You can try him. A lot of suggestions just from people who are not very
knowledgeable in medical care. My wife is a nurse. One of my daughters is a
nurse. But we got good information that at least gave him some paths to go. He
decided to go to the ACL guy and get a referral to maybe a hand specialist if
the guy thinks he needs it.

Can you imagine having that with medical professionals, that you send it
around and you start getting this feedback?

What are the themes that I saw? Like Harry, I couldn’t see how to fit
it all together and move forward? I am struck by there is a lot of investment
and demonstration of quality measure effectiveness in changing what we want
changed.

I saw quality measure architecture and workflows. I liked seeing that. I
wanted to see here is the way it should be but I don’t know if we are
there yet or not. But I think that is what Harry wants to see is what should we
be working for. How did we make this happen? How do we aggregate quality
measures for effective change? Provider information for clinical decisions and
for patient choices.

Another theme. Is there a financial reward system that promotes/rewards,
quality improvement and coordination of care? I don’t know. Should we
focus on is the mean greater than the bar or should we focus on is the
distribution changing? The percentage of patients who are below the bar,
percentage of patients who are above the bar. Are we moving toward more and
more above the bar? The bar is wherever we set it.

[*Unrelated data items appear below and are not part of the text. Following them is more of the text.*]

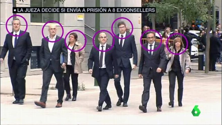 Los ex 'consellers' del Govern destituido de Cataluña (sólo falta Santi Vila) que han entrado en la cárcel. Captura de La Sexta.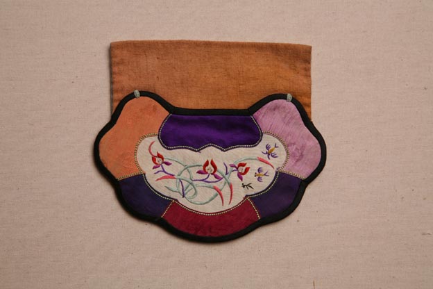 該繡品為一錢袋,呈兒童長壽鎖形。主體面料采用多色彩綢。其中央一塊白色綢上彩繡金魚花草紋樣,所用針法以套針為主。彩綢周圍鑲黑色素緞為邊。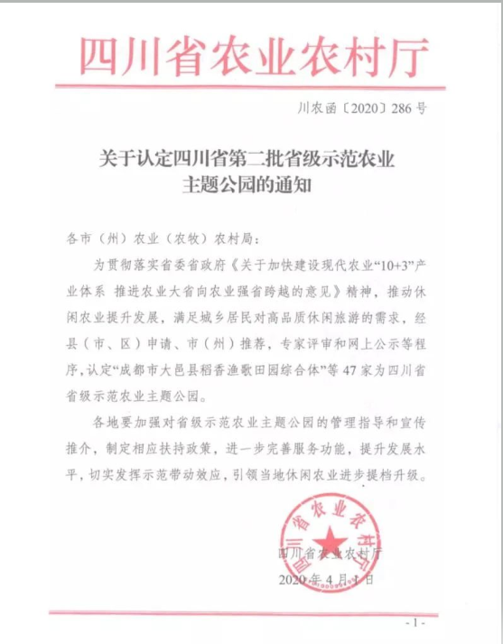 2020年4月1日,四川省农业农村厅印发《关于认定四川省第二批省级示范农业主题公园的通知》,经县(市、区)申请,市(州)推荐,省级专家组评审等程序,在全省范围内认定47家省级示范农业主题公园,兴文县僰王山镇水泸坝农业公园榜上有名。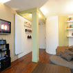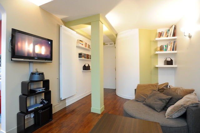 Новый формат декора квартиры: маленькая открытая гостиная комната в стиле фьюжн с зелеными стенами, паркетным полом среднего тона и телевизором на стене — Houzz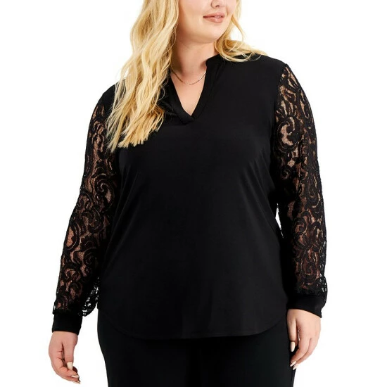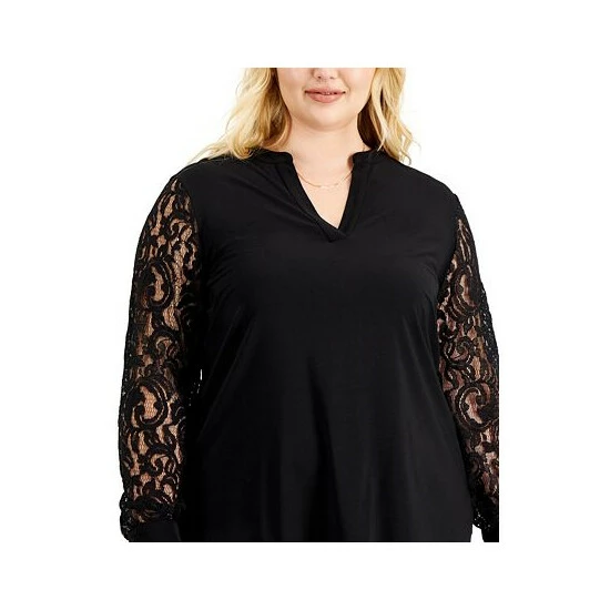 Bring pretty detail to your professional style with this split-neck plus size top from Kasper, framed with lovely lace sleeves.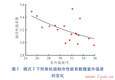 對于模式l,熱泵機組的制冷性能系數(shù)、能效比不高,且隨著室外溫度升高下降速率較快。對于模式2,熱泵機組的制冷性能系數(shù)、能效比較高,但隨著運行時間的延長下降速率較快。對于模式3,熱泵機組的制冷性能系數(shù)、能效比水平處于模式1與模式2之間,但隨著室外溫度的升高下降趨勢不明顯。因此,風冷—水冷冷凝器聯(lián)合運行,對熱泵機組在長時間運行過程中保持較高性能有幫助。而且可平衡地埋管換熱器向土壤的釋熱、吸熱量,保持熱泵系統(tǒng)長期有效運行。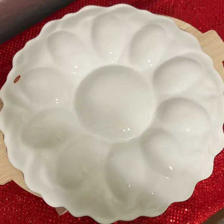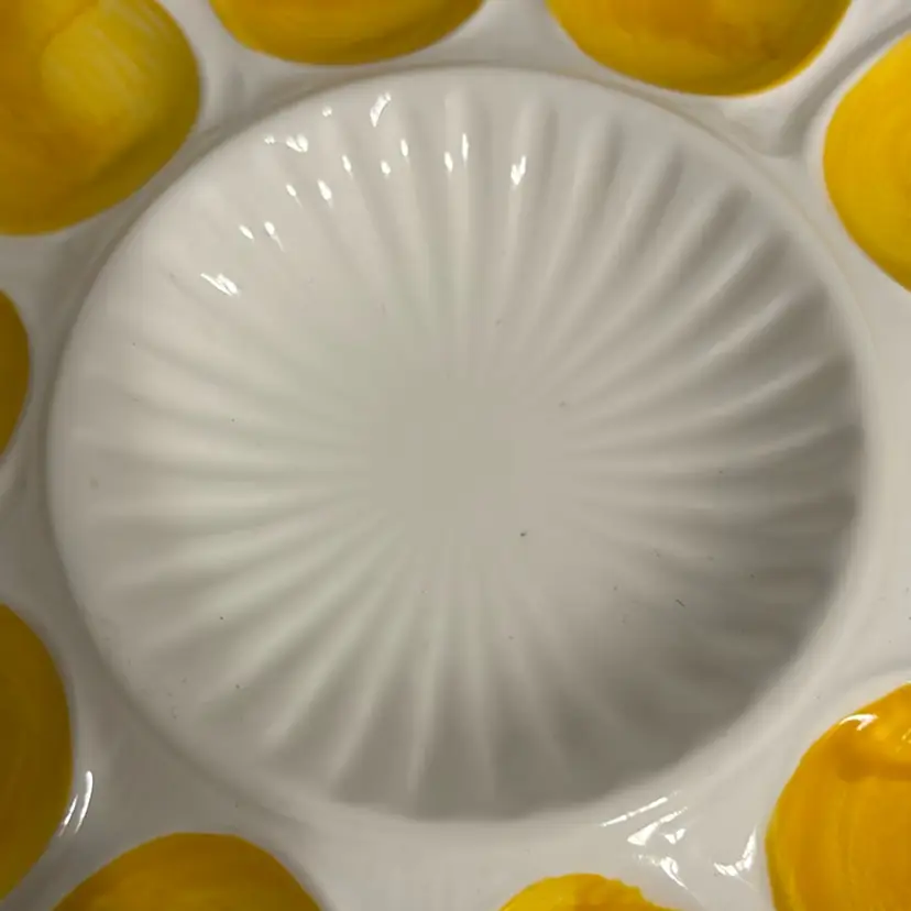 This is a white ceramic deviled egg serving platter with a sunflower design. Design: Features a white, scalloped edge with a bright yellow sunflower pattern in the center. Capacity: Designed to hold 10 deviled eggs in individual indentations. Material: Made from ceramic with a glazed finish. Features: Includes a central well for a dipping sauce or additional eggs. 9.5" diameter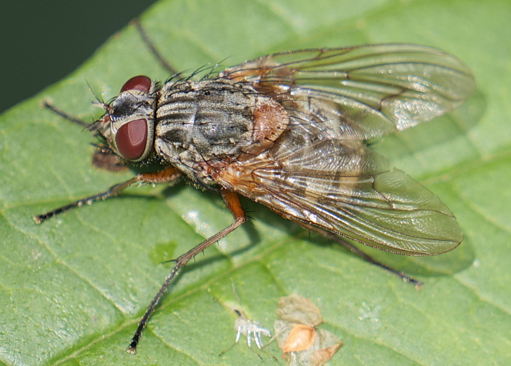 Hi, I took a few pictures of a comparatively huge fly on a leaf close to our garden hedge. I would speculate that it could be Phaonia valida. The reddish scutellum seems a bit unusual for that species, but maybe that is within the variation range? Is it possible to confirm or reject that speculation based on the picture below? Germany, Southern Bavaria, Munich (-West), 09.10.2021, app. 12 mm Greetings, Uli ukursawe attached the following image: ![]() [216.14Kb] Edited by ukursawe on 10-10-2021 14:27 |
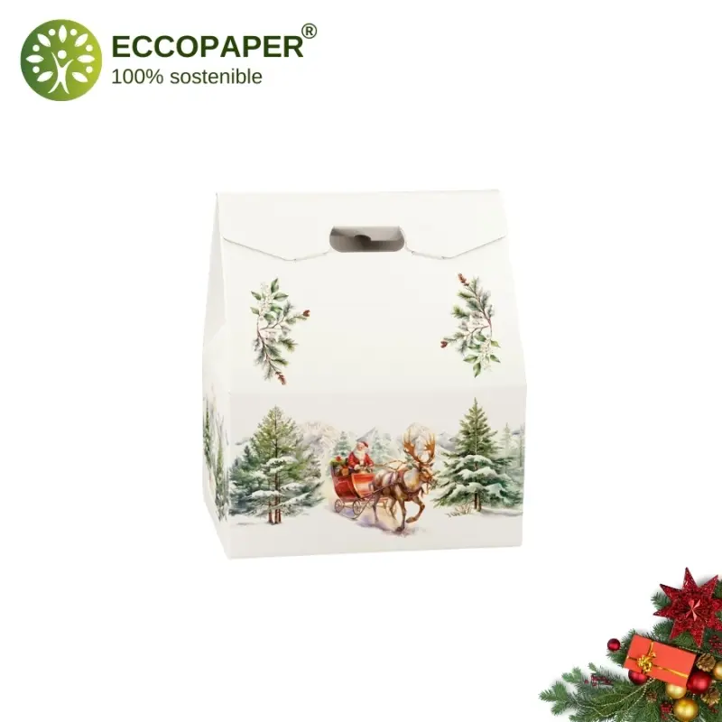 Estuche navideño de cartón sostenible, diseñado para presentar productos festivos de forma elegante y ecológica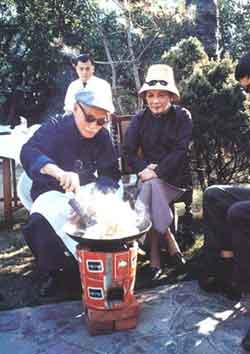 其實(shí),這張照片照的是蔣介石為家人制作他獨(dú)門“雞油炒飯”時(shí)的畫面,在多數(shù)照片與場合中都相當(dāng)嚴(yán)肅的蔣介石,只有在與家人團(tuán)聚,進(jìn)行他最愛的野炊時(shí),才會露出這樣輕松和藹的一面,所以這張“蔣公炒飯照”可說相當(dāng)經(jīng)典,在不同時(shí)刻、地點(diǎn),蔣介石炒飯都被留影,讓人感受這位褒貶不一歷史人物的另一面。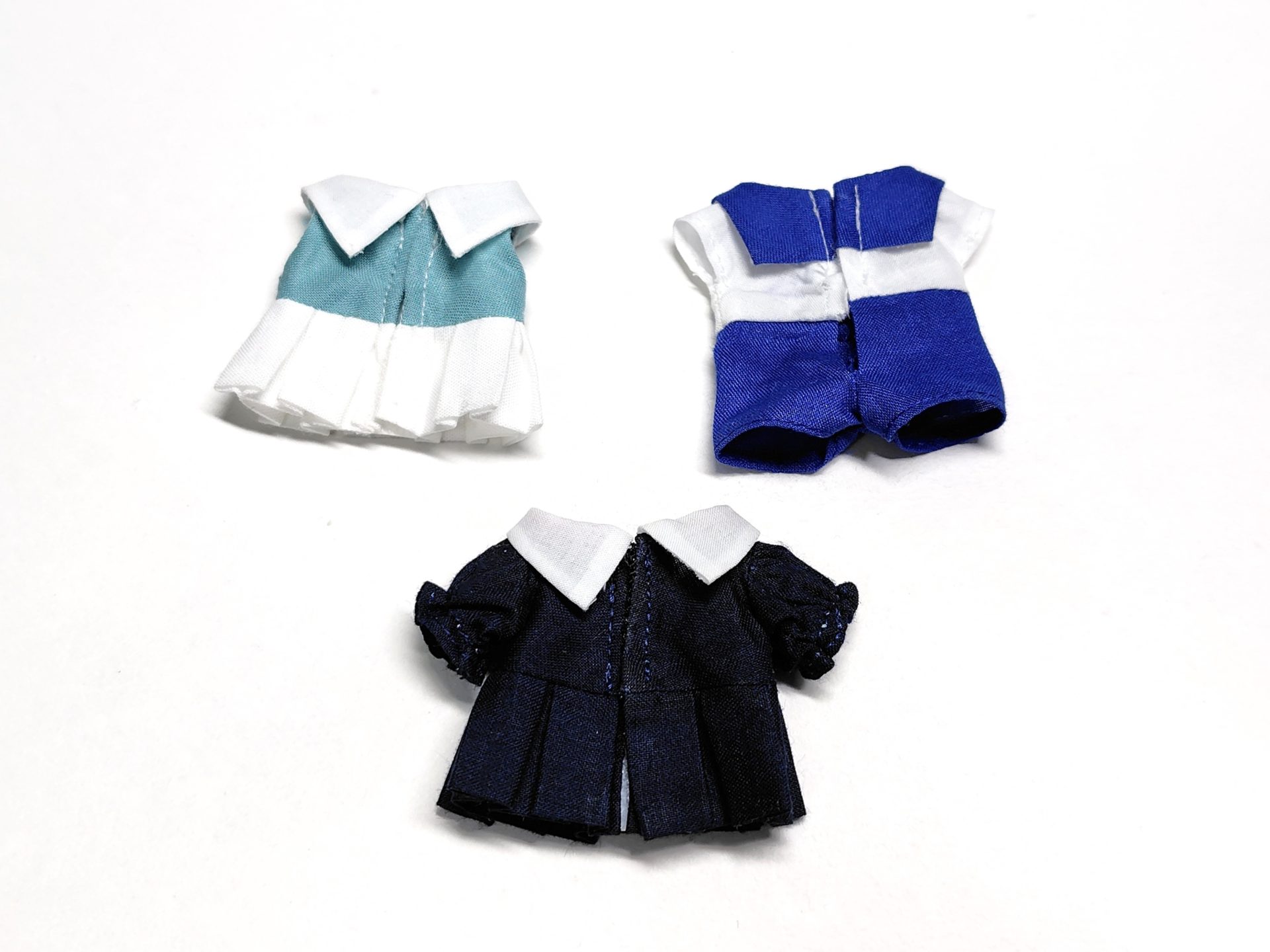 セーラー襟は、とがっているタイプと丸襟タイプの2種類を制作しました。

We have a transition coming up, a transition from quality measures to other
quality measures to performance measures. We need to keep track of the data
elements and their attributes. We need to get into different versions of code
sets and this is over time. This is not just in the next three or four years.
We are having changes in coding systems. How do we handle that and does that
impact – do our measures mean the same thing? Do we have the same validity
as we carry across these changes?

I have already covered the social networking. Maybe a social network is I am
a patient and instead of giving me a disc, can you email this to this Google
group? Can you email it to my primary care physician so that he can get on the
ball and find the best specialist and get me some answers very quickly? It
starts to pull everybody together as a team and with some accurate information
and then maybe physicians come back and say, you know I really need this
additional information. And the tingling at the end of the fingers, is it
grossly swollen? That is what the military doctor said. I need to know that
before I can do anything.

DR. CARR: Well, thank you everyone. Thank you for calling the question here
because I think it really helps us to focus on the job that we set out to do.
With that I think we will call it a day and we resume tomorrow morning at nine.

(Whereupon, the meeting adjourned at 5:35 p.m.)